**Available records**
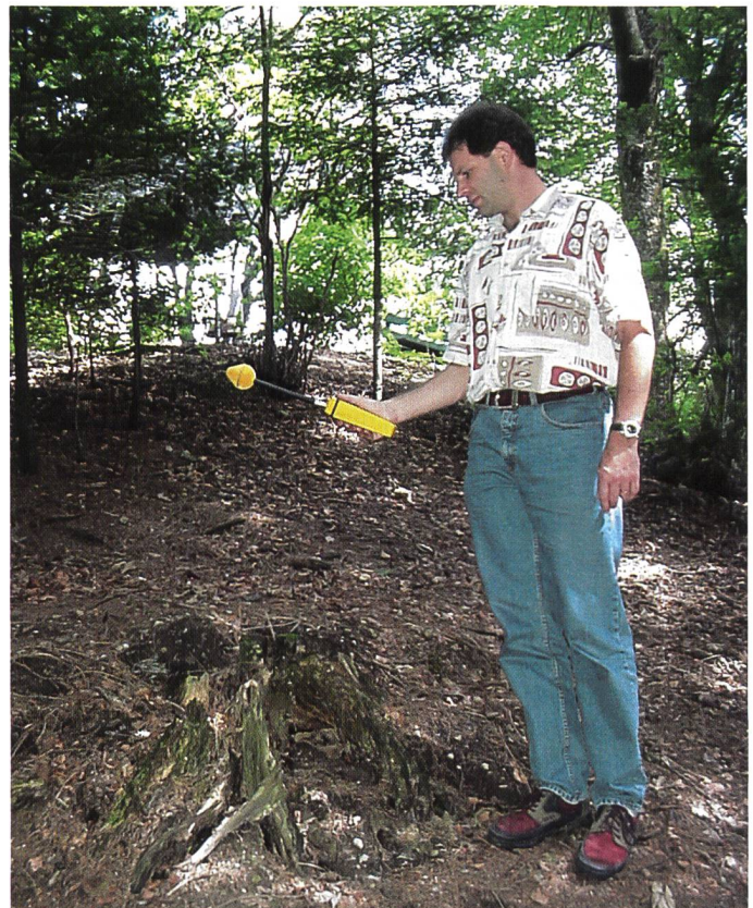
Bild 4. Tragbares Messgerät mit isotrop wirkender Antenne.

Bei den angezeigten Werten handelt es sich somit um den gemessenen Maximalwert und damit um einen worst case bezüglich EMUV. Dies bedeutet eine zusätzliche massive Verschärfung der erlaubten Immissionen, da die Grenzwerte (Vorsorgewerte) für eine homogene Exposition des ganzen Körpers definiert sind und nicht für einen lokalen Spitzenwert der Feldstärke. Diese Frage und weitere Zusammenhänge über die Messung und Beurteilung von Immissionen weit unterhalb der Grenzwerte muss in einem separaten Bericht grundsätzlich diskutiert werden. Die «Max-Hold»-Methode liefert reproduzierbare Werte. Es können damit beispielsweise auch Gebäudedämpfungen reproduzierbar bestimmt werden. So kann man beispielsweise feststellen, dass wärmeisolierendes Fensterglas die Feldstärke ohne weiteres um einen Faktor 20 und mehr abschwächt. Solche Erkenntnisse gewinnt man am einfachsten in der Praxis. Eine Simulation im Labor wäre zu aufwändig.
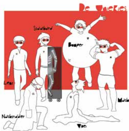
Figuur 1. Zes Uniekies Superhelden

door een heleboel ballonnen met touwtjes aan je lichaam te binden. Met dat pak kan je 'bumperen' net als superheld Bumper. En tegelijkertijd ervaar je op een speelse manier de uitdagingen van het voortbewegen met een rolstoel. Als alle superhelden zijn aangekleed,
--
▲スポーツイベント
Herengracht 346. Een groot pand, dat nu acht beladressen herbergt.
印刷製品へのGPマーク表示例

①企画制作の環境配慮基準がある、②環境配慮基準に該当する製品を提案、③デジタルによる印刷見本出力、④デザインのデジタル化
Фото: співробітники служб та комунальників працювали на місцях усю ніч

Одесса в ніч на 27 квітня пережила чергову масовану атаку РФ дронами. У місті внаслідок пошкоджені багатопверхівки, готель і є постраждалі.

**Your task**
Retype the entries above exactly, but only from the line containing "①企画制作の環境配慮基準があ" through the line containing "Одесса в ніч", both included.

**Exercise response**
①企画制作の環境配慮基準がある、②環境配慮基準に該当する製品を提案、③デジタルによる印刷見本出力、④デザインのデジタル化
Фото: співробітники служб та комунальників працювали на місцях усю ніч

Одесса в ніч на 27 квітня пережила чергову масовану атаку РФ дронами. У місті внаслідок пошкоджені багатопверхівки, готель і є постраждалі.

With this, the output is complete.